» Saved entries:
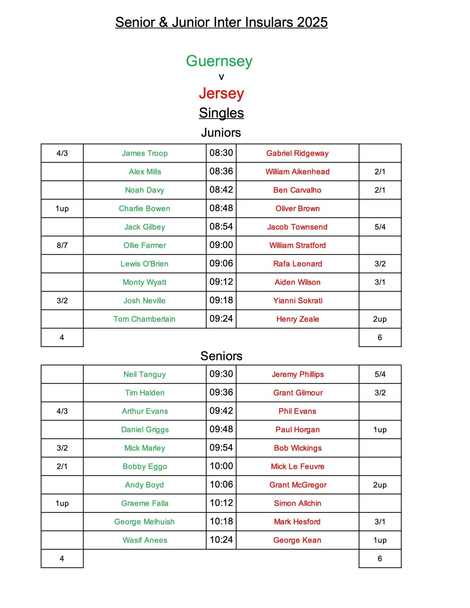 Geoffrey Troop September 7, 2025 Junior and Senior Inter Insular Day 2 results Geoffrey Troop September 7, 2025 Results from today's singles.Jersey win the Senior & Junior Inter-Insulars 9-6 & 8-7 respectively.
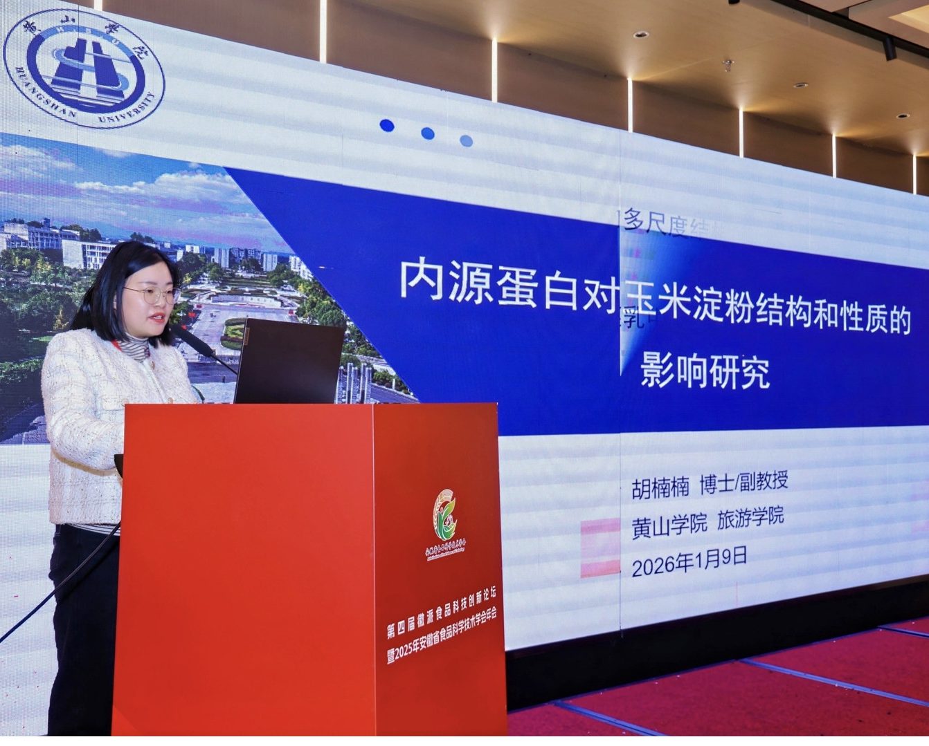 1月8日至9日,第四届徽派食品科技创新论坛暨2025年安徽省食品科学技术学会年会在滁州隆重召开。本次论坛聚焦徽派食品的传承与创新,汇集了省内外高校、科研院所及行业企业的专家学者,共同探讨食品科技前沿与发展趋势。我校旅游学院烹饪营养与教育专业教研室姜薇、胡楠楠、赵俊朋受邀参会。
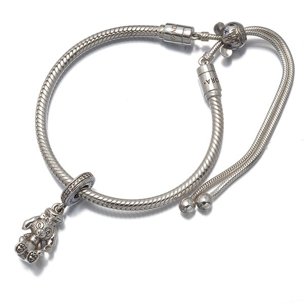 お好みのチャームアレンジが人気のパンドラのブレスレット。こちらは香港ディズニーランド生まれのキャラクター クッキー・アンのチャームがイミテーションストーンの煌めきとともに飾られた愛らしいお品。パンドラ×ディズニーの限定コラボレーションジュエリーを どうぞお見逃しなく。
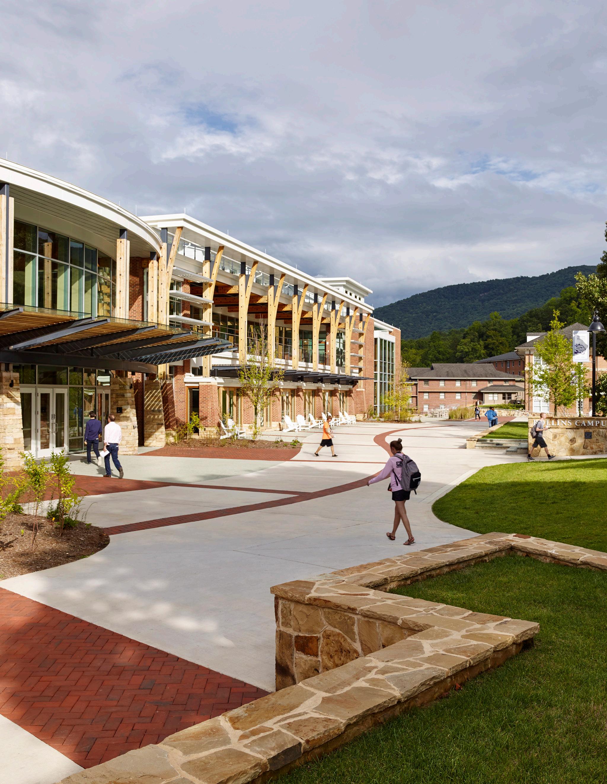 By pulling in prominent campus pathways and by opening up to active, programmed outdoor spaces, a union building can reach out to its surroundings, provide a clear center of gravity for campus activities, and carry forward the unique identity and individual character of the institution.
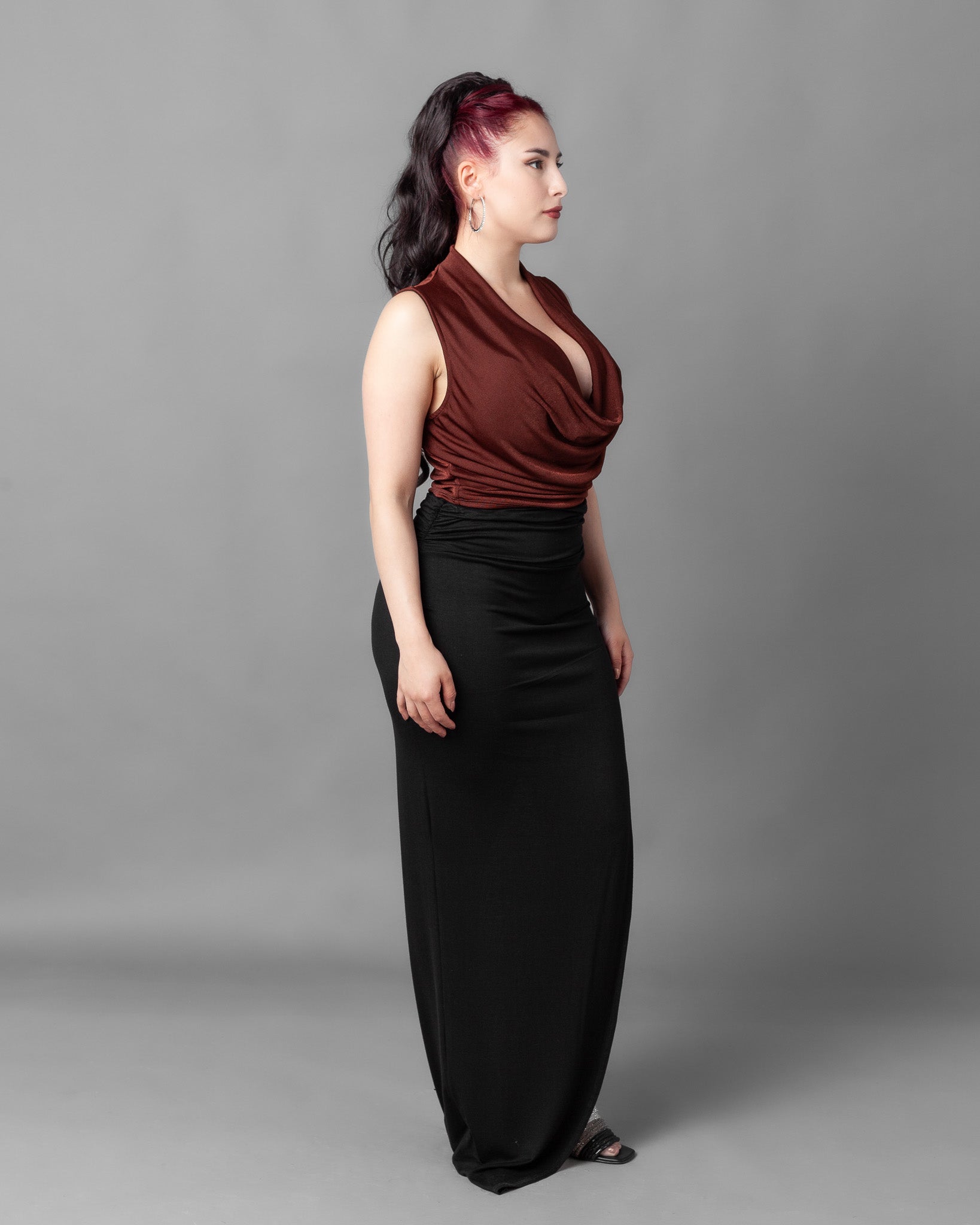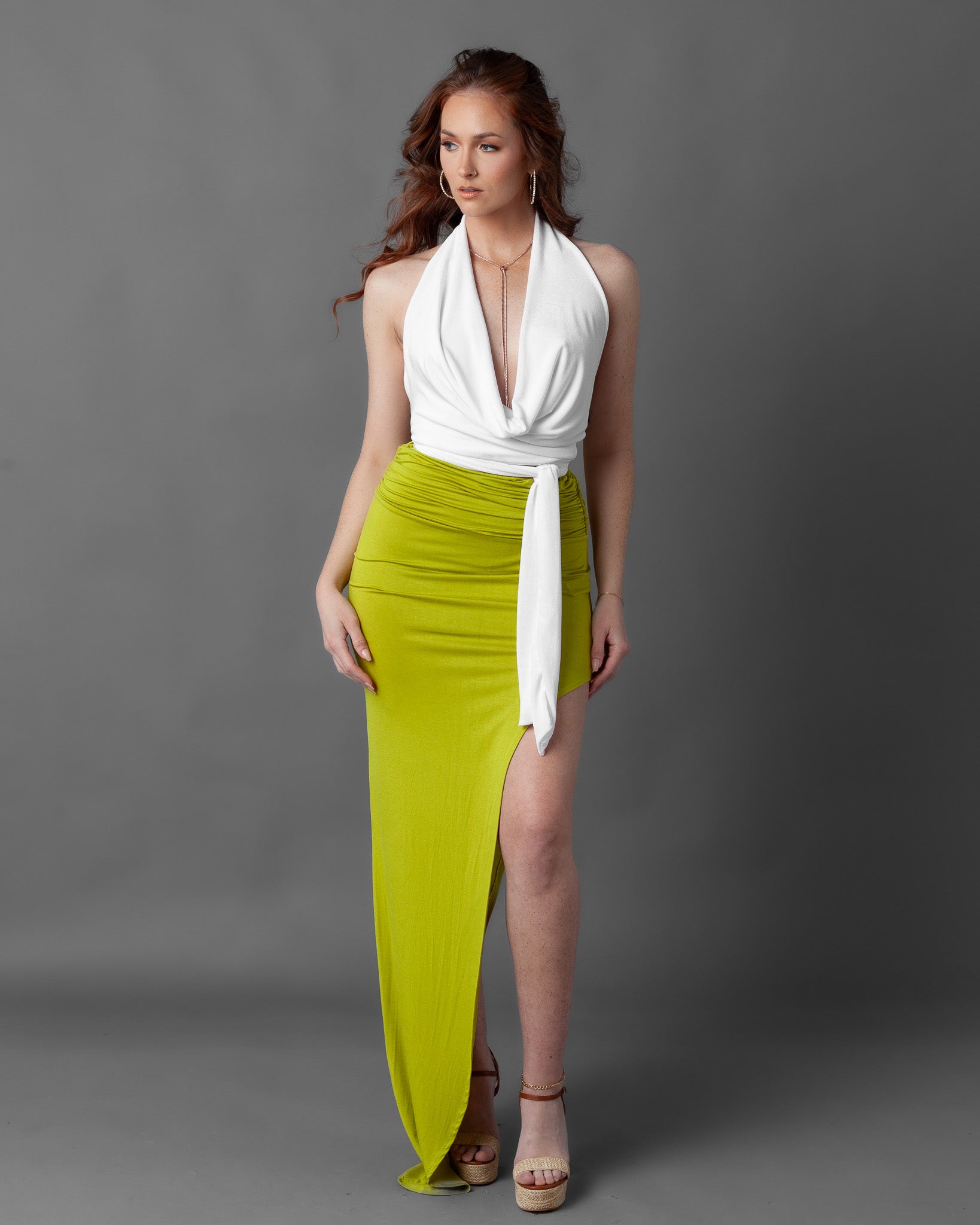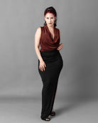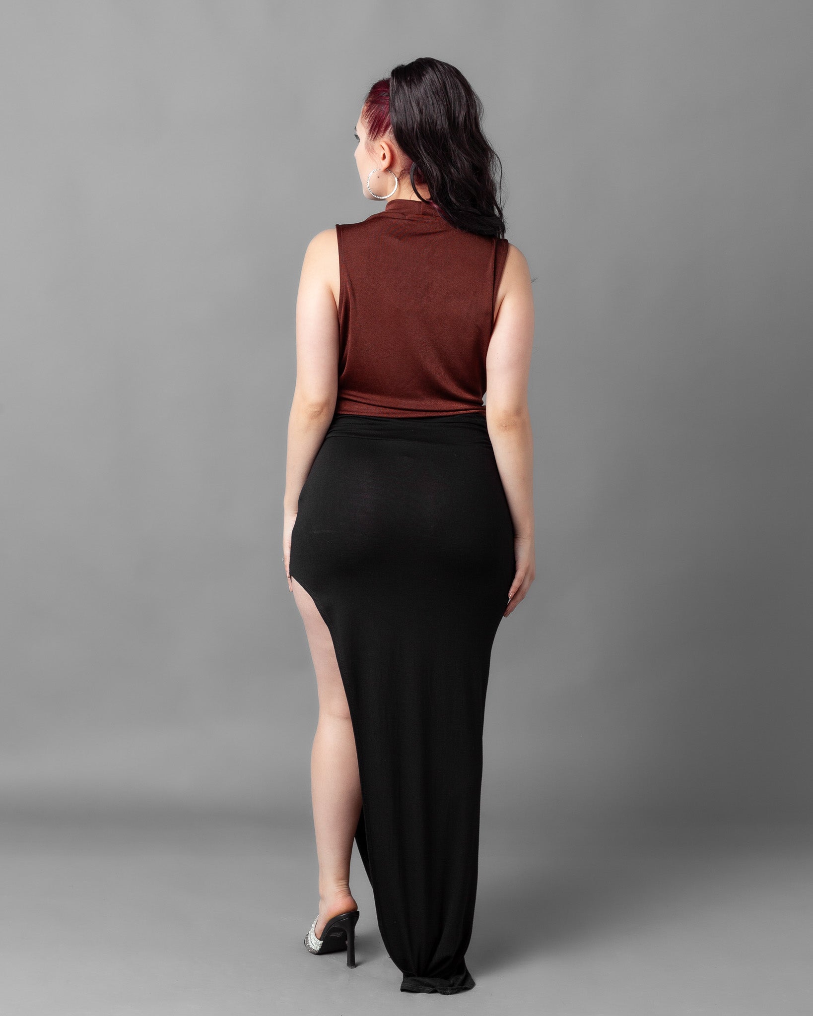The perfect versatile summer piece has arrived. This soft jersey knit cut out high slit skirt is the perfect capsule item. There's stretch to fit your curves this can be worn as a swim cover, on vacation or to a local brunch date. It mixes in with body suits, cropped tops, swimwear or a basic tee. The fold over waistline is elastic but sewn into place so it wont move around on you.

» WHAT YOU SHOULD DO: What's needed is an exact retyping of the records, pictures excluded.

» TASK OUTPUT:
 Geoffrey Troop September 7, 2025 Junior and Senior Inter Insular Day 2 results Geoffrey Troop September 7, 2025 Results from today's singles.Jersey win the Senior & Junior Inter-Insulars 9-6 & 8-7 respectively.
 1月8日至9日,第四届徽派食品科技创新论坛暨2025年安徽省食品科学技术学会年会在滁州隆重召开。本次论坛聚焦徽派食品的传承与创新,汇集了省内外高校、科研院所及行业企业的专家学者,共同探讨食品科技前沿与发展趋势。我校旅游学院烹饪营养与教育专业教研室姜薇、胡楠楠、赵俊朋受邀参会。
 お好みのチャームアレンジが人気のパンドラのブレスレット。こちらは香港ディズニーランド生まれのキャラクター クッキー・アンのチャームがイミテーションストーンの煌めきとともに飾られた愛らしいお品。パンドラ×ディズニーの限定コラボレーションジュエリーを どうぞお見逃しなく。
 By pulling in prominent campus pathways and by opening up to active, programmed outdoor spaces, a union building can reach out to its surroundings, provide a clear center of gravity for campus activities, and carry forward the unique identity and individual character of the institution.
The perfect versatile summer piece has arrived. This soft jersey knit cut out high slit skirt is the perfect capsule item. There's stretch to fit your curves this can be worn as a swim cover, on vacation or to a local brunch date. It mixes in with body suits, cropped tops, swimwear or a basic tee. The fold over waistline is elastic but sewn into place so it wont move around on you.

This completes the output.